Variety is not the spice of life for people with autism spectrum disorders: frequency ratings of central, variable and inappropriate aspects of common real-life events.
Autistic clients often treat flexible details as unbreakable rules, so directly teach and reinforce which parts of a routine can vary.
01Research in Context
What this study did
Loth et al. (2010) asked boys with and without autism to rate everyday events.
They used short stories about things like going to a restaurant.
Kids marked which parts always happen, which might change, and which would be weird.
What they found
The autism group was less accurate at spotting the changeable parts.
They often treated flexible details as fixed rules.
Poor scores linked to weaker theory-of-mind and stronger autism traits.
How this fits with other research
Reed et al. (2013) saw the same rigidity in low-functioning kids during a card-sort switch.
DeCarlo (1985) found autistic preschoolers were less bothered by shifting visual cues, an early hint that variable input is processed differently.
Dugdale et al. (2000) and Galizio et al. (2020) later showed you can teach autistic learners to choose or produce variety when reinforcement is clear, proving the rigidity is changeable.
Together the picture is: difficulty noticing negotiable details drives repetitive behavior, but ABA can teach flexible responding.
Why it matters
Your high-functioning client may argue "we must sit here" because he truly thinks the seat is a fixed rule, not a detail that can vary.
Start by explicitly labeling which parts of a routine are "same" and which can "change.
Use lag schedules and multiple-exemplar training to reinforce those variable choices, turning abstract flexibility into concrete responses you can reinforce.
Want CEUs on This Topic?
The ABA Clubhouse has 60+ free CEUs — live every Wednesday. Ethics, supervision & clinical topics.

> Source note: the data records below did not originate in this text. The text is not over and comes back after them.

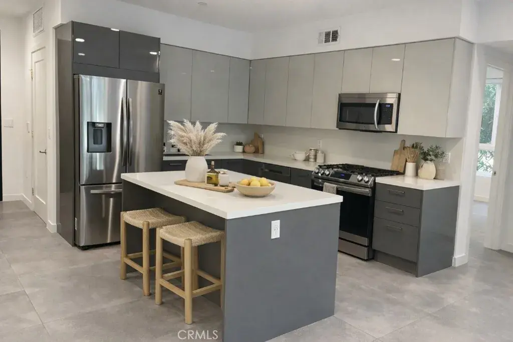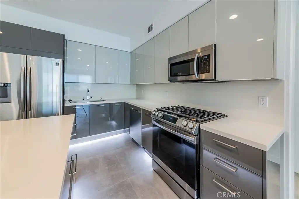 The chef’s kitchen is the true centerpiece — Calacatta quartz countertops and island, two-tone high-gloss Italian cabinetry with soft-close drawers, and a full stainless steel appliance suite including gas range, French door refrigerator, dishwasher, and built-in microwave.
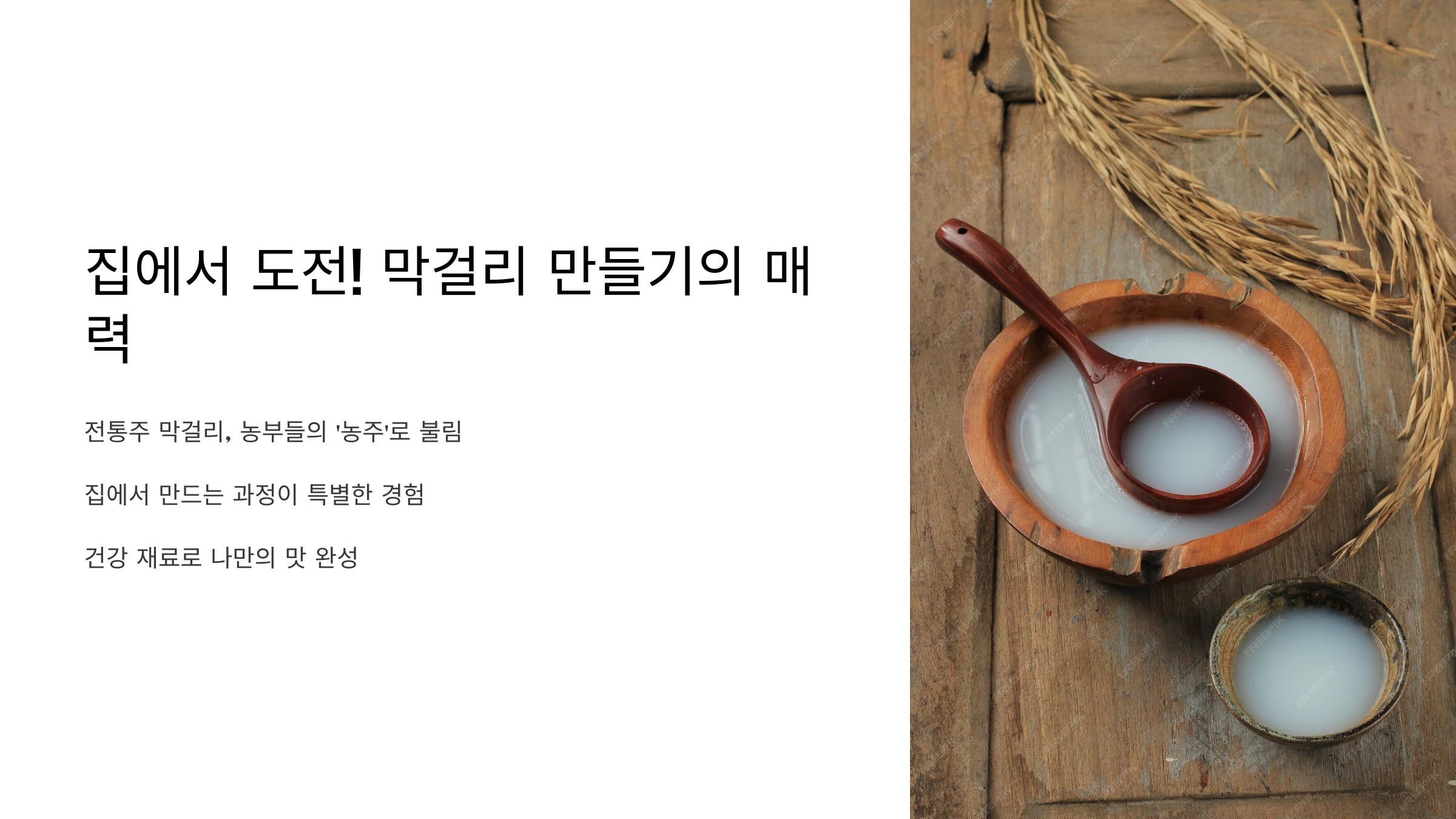 과거 농부들이 일터에서 에너지를 얻기 위해 마시던 ‘농주’로도 불리며, 오랜 역사와 문화를 담고 있죠. 집에서 직접 만들면 건강한 재료로 나만의 막걸리를 즐길 수 있고, 만드는 과정 자체가 특별한 경험이 됩니다.
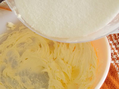 Battre le beurre en crème. Ajouter le sucre et continuer à battre jusqu’à obtenir un aspect crémeux et une couleur pale.
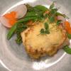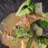 Z polskiej hodowli Grabinek z porem i parmezanem na puree z batat, z młodymi warzywami
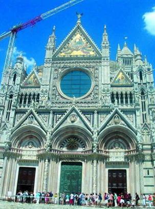 Niềm kiêu hãnh lớn nhất của Siena là nhà thờ Santa Maria Assunta được xây dựng vào năm 1229 trên đỉnh đồi cao nhất thành phố. Thánh đường đập ngay vào mắt người ta bằng vẻ bề ngoài sang trọng, huy hoàng bởi vô số tượng, phù điêu, tháp nhọn tinh xảo. Bên trong nhà thờ có những bức tranh miêu tả các điển tích của đạo Thiên Chúa ở khắp nơi, trên vòm cao, tường, kính, nhưng ấn tượng nhất là 56 bức họa được khảm bằng đá hoa cương đủ màu trên nền đá hoa cương trắng và đen ở sàn nhà.
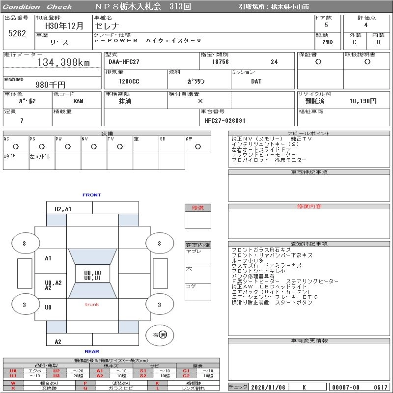 Статус выставлен на аукцион Лот 5262 Аукцион NPS Tochigi Дата аукциона 27.01.2026

Join Free →Write a two-column visual: left side "Always Same," right side "Can Change," and review it before each new activity.
02At a glance
03Original abstract
This study used a novel rating task to investigate whether high-functioning individuals with autism spectrum disorder (ASD) have difficulties distinguishing essential from variable aspects of familiar events. Participants read stories about everyday events and judged how often central, variable, and inappropriate event-components normally occur in this type of situation. The ASD boys made significantly more errors than the typically developing boys in rating the occurrences of variable aspects. In both groups, ratings of variable aspects were age-related, but in the ASD boys, they were also related to theory of mind and weak coherence test scores, and to severity of autistic symptoms. Implications for the understanding of some repetitive behaviours, such as the tendency to adhere to inflexible routines, are discussed.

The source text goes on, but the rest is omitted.